>>>
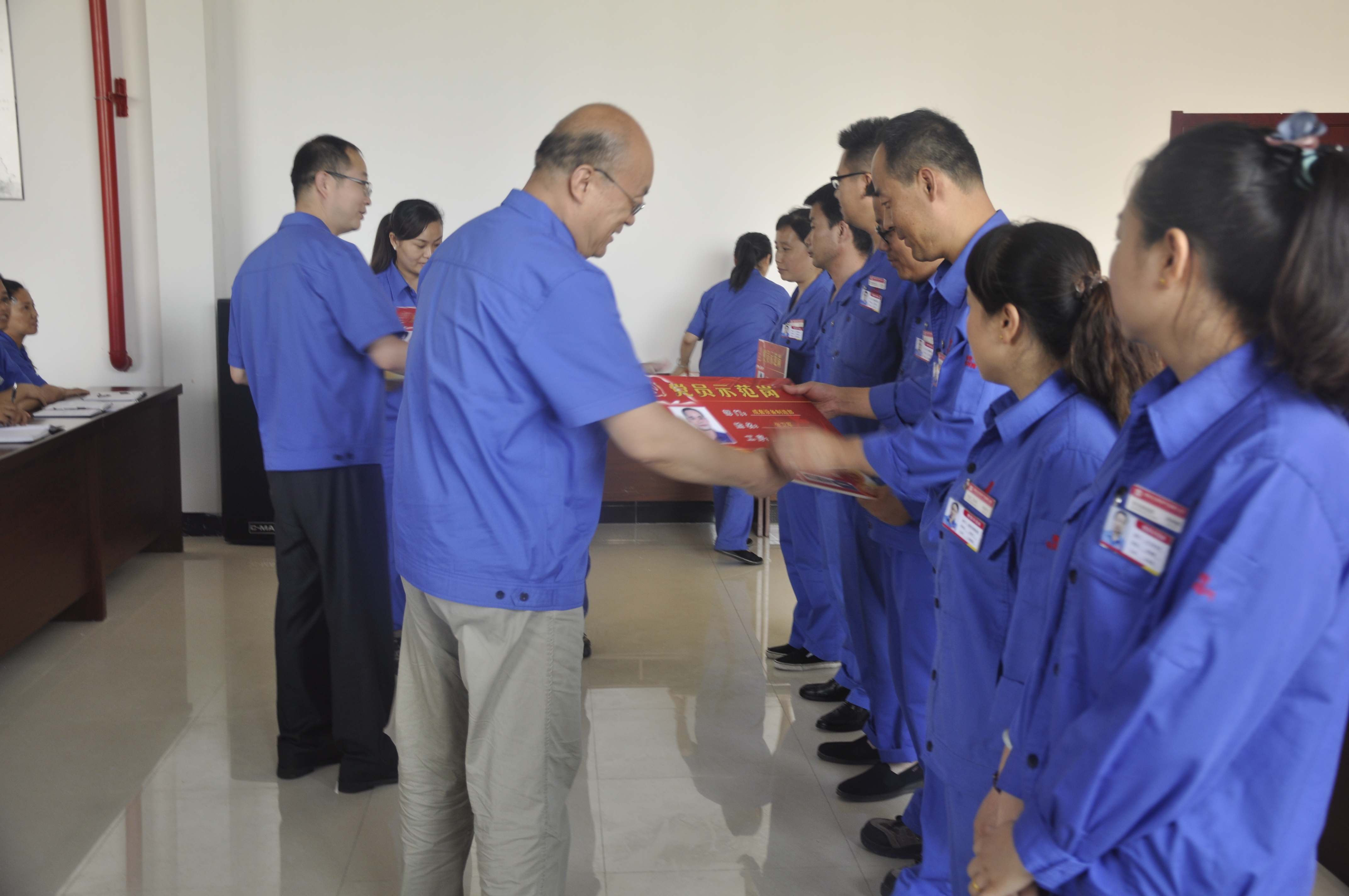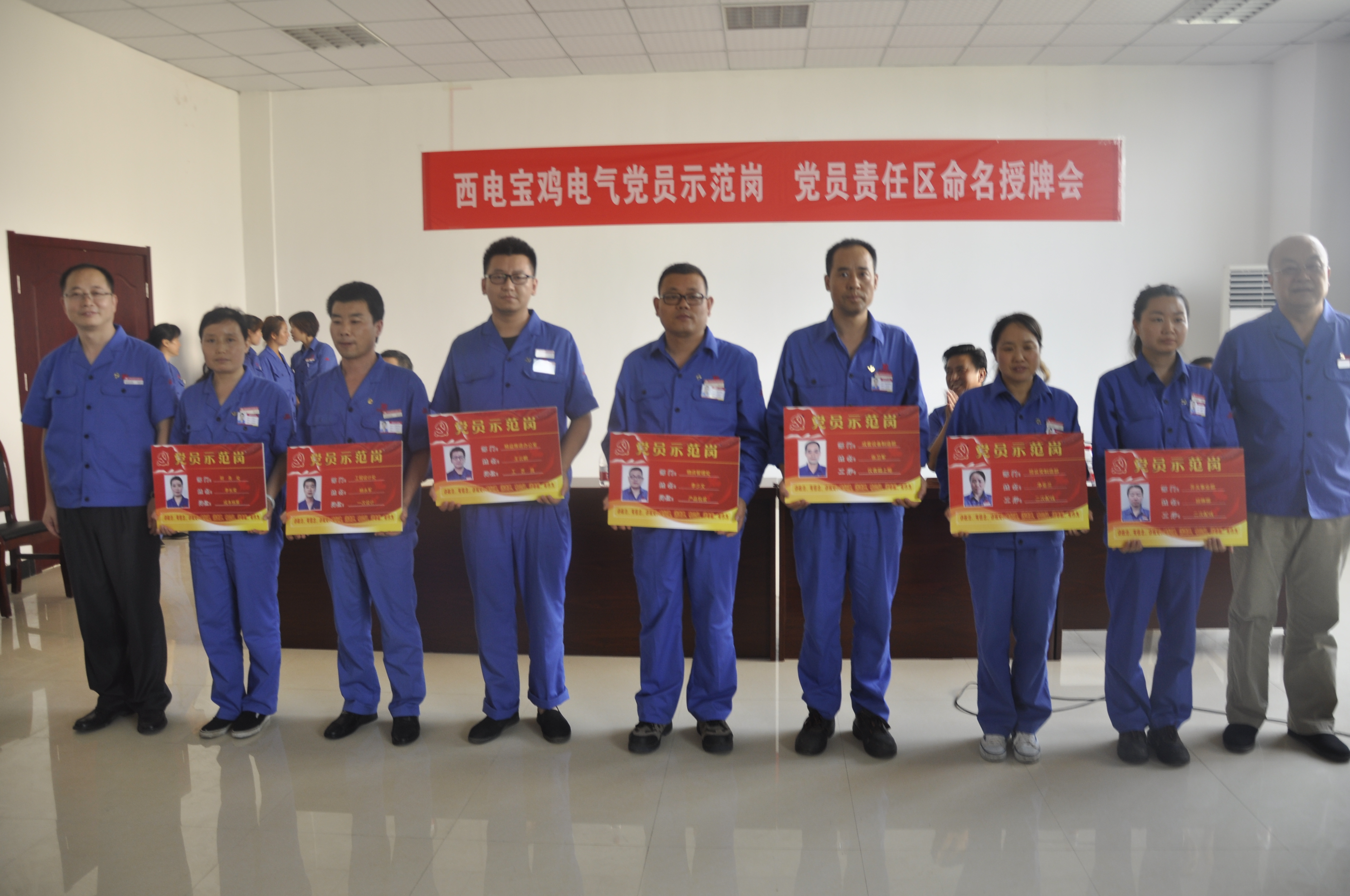 為扎實(shí)開(kāi)展“發(fā)揮先鋒模范作用,為企業(yè)改革發(fā)展提質(zhì)增效做貢獻(xiàn)”黨員主題實(shí)踐活動(dòng),8月4日下午,公司舉行“黨員示范崗、黨員責(zé)任區(qū)”命名授牌儀式。公司執(zhí)行董事、黨委書(shū)記雒濤、總經(jīng)理朱安珂為財(cái)務(wù)處李長(zhǎng)榮等7個(gè)“黨員示范崗”和成套設(shè)備制造部鈑金T線等3個(gè)“黨員責(zé)任區(qū)”授牌。楊永軍同志代表“黨員示范崗”、“黨員責(zé)任區(qū)”的同志作了表態(tài)發(fā)言。公司黨委副書(shū)記紀(jì)委書(shū)記付宗喜主持授牌儀式。各黨支部書(shū)記、相關(guān)處室負(fù)責(zé)人、“黨員示范崗”、“黨員責(zé)任區(qū)”及部分黨員代表共50余人參加了授牌儀式。
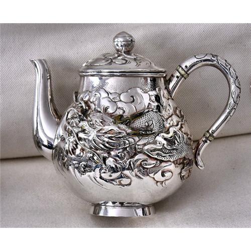 AN ORIGINAL 19TH CENTURY SIGNED STERLING SILVER DRAGON TEA SET<p>A magnificent and rare original 19th century sterling silver dragon tea set, including a teapot with original lid, a sugar with original lid, and a creamer. The body of each piece is encircled by a dragon in high relief amidst swirling clouds in lower relief. All dragons and designs in the silver are hand chased. The knobs on top of the teapot and sugar represent the pearl of wisdom. The teapot is approximately six inches in height and seven inches from the tip of the spout to the outer point of the handle. The creamer is double-walled in silver. The interior of the teapot has a permanently affixed silver filter for tea leaves. Each of the three pieces bears an incised seal by the artist. This set was created in the late 1800's. Condition is excellent. <p>THE DRAGON IN JAPANESE ART - The dragon in Japan is an ancient symbol of power, heavenly knowledge and imperial strength. "Have you seen the dragon?" asks Mr. Okakura in The Awakening of Japan. "Approach him cautiously, for no mortal can survive the sight of his entire body. The eastern dragon is not the gruesome monster of medieval imagination, but the genius of strength and goodness. He is the spirit of change, therefore of life itself. . . . Hidden in the caverns of inaccessible mountains, or coiled in the unfathomed depths of the sea, he awaits the time when he slowly arouses ...
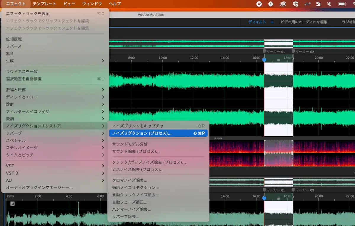 トンネル内の走行音をキャプチャできたら、あとはマーカーをつけたトンネル内の領域を選択し、ノイズリダクション(プロセス)をどんどん適用していきます。
<<<
Write out the listing above in full, word for word, with no pictures.

Problem solution:
 為扎實(shí)開(kāi)展“發(fā)揮先鋒模范作用,為企業(yè)改革發(fā)展提質(zhì)增效做貢獻(xiàn)”黨員主題實(shí)踐活動(dòng),8月4日下午,公司舉行“黨員示范崗、黨員責(zé)任區(qū)”命名授牌儀式。公司執(zhí)行董事、黨委書(shū)記雒濤、總經(jīng)理朱安珂為財(cái)務(wù)處李長(zhǎng)榮等7個(gè)“黨員示范崗”和成套設(shè)備制造部鈑金T線等3個(gè)“黨員責(zé)任區(qū)”授牌。楊永軍同志代表“黨員示范崗”、“黨員責(zé)任區(qū)”的同志作了表態(tài)發(fā)言。公司黨委副書(shū)記紀(jì)委書(shū)記付宗喜主持授牌儀式。各黨支部書(shū)記、相關(guān)處室負(fù)責(zé)人、“黨員示范崗”、“黨員責(zé)任區(qū)”及部分黨員代表共50余人參加了授牌儀式。
 AN ORIGINAL 19TH CENTURY SIGNED STERLING SILVER DRAGON TEA SET<p>A magnificent and rare original 19th century sterling silver dragon tea set, including a teapot with original lid, a sugar with original lid, and a creamer. The body of each piece is encircled by a dragon in high relief amidst swirling clouds in lower relief. All dragons and designs in the silver are hand chased. The knobs on top of the teapot and sugar represent the pearl of wisdom. The teapot is approximately six inches in height and seven inches from the tip of the spout to the outer point of the handle. The creamer is double-walled in silver. The interior of the teapot has a permanently affixed silver filter for tea leaves. Each of the three pieces bears an incised seal by the artist. This set was created in the late 1800's. Condition is excellent. <p>THE DRAGON IN JAPANESE ART - The dragon in Japan is an ancient symbol of power, heavenly knowledge and imperial strength. "Have you seen the dragon?" asks Mr. Okakura in The Awakening of Japan. "Approach him cautiously, for no mortal can survive the sight of his entire body. The eastern dragon is not the gruesome monster of medieval imagination, but the genius of strength and goodness. He is the spirit of change, therefore of life itself. . . . Hidden in the caverns of inaccessible mountains, or coiled in the unfathomed depths of the sea, he awaits the time when he slowly arouses ...
 トンネル内の走行音をキャプチャできたら、あとはマーカーをつけたトンネル内の領域を選択し、ノイズリダクション(プロセス)をどんどん適用していきます。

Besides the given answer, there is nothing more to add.